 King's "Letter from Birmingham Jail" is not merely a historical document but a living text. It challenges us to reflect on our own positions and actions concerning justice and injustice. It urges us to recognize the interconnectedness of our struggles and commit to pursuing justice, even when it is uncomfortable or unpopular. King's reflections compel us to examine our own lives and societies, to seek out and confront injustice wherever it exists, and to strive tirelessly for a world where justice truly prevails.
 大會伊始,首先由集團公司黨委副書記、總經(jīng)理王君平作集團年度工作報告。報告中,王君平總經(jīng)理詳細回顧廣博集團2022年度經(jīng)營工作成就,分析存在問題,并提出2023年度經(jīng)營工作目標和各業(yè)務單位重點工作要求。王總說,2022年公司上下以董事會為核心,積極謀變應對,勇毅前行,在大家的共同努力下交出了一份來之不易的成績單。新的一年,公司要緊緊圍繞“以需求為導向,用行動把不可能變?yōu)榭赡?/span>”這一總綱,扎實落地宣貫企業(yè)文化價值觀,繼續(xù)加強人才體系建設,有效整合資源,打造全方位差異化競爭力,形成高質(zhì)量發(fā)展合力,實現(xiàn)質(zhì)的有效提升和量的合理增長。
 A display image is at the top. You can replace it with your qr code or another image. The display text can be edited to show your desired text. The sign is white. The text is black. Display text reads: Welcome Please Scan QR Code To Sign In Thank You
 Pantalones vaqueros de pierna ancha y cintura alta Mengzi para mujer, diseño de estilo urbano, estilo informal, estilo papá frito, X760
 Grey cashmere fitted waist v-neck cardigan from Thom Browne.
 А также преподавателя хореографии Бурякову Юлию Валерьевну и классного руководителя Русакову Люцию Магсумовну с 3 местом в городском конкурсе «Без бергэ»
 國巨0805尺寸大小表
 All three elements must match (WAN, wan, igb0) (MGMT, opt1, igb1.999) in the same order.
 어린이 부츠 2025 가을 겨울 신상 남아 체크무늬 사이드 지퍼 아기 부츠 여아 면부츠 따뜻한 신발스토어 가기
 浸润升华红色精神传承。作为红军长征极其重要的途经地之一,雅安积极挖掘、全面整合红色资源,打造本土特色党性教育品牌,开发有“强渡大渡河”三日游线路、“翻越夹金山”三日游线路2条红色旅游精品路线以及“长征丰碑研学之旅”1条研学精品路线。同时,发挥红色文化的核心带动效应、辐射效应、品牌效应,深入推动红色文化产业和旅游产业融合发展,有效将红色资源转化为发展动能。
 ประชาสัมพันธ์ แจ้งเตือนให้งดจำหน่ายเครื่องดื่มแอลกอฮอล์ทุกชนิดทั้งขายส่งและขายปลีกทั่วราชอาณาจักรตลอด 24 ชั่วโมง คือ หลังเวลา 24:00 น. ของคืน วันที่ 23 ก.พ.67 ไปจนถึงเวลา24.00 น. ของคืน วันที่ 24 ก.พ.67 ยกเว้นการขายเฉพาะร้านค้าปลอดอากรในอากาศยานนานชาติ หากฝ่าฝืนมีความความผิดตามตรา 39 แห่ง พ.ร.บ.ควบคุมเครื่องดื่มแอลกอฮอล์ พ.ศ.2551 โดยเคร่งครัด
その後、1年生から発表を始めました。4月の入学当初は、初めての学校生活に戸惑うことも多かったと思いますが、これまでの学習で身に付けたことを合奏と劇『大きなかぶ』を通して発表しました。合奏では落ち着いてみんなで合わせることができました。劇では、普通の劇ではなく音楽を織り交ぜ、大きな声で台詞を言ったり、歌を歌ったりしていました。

§ **Aim of the exercise**: Set down precisely the lines above between the line holding "Pantalones vaqueros de" and the line holding "А также преподавателя", inclusive, and nothing beyond them.

§ **Output**:
 Pantalones vaqueros de pierna ancha y cintura alta Mengzi para mujer, diseño de estilo urbano, estilo informal, estilo papá frito, X760
 Grey cashmere fitted waist v-neck cardigan from Thom Browne.
 А также преподавателя хореографии Бурякову Юлию Валерьевну и классного руководителя Русакову Люцию Магсумовну с 3 местом в городском конкурсе «Без бергэ»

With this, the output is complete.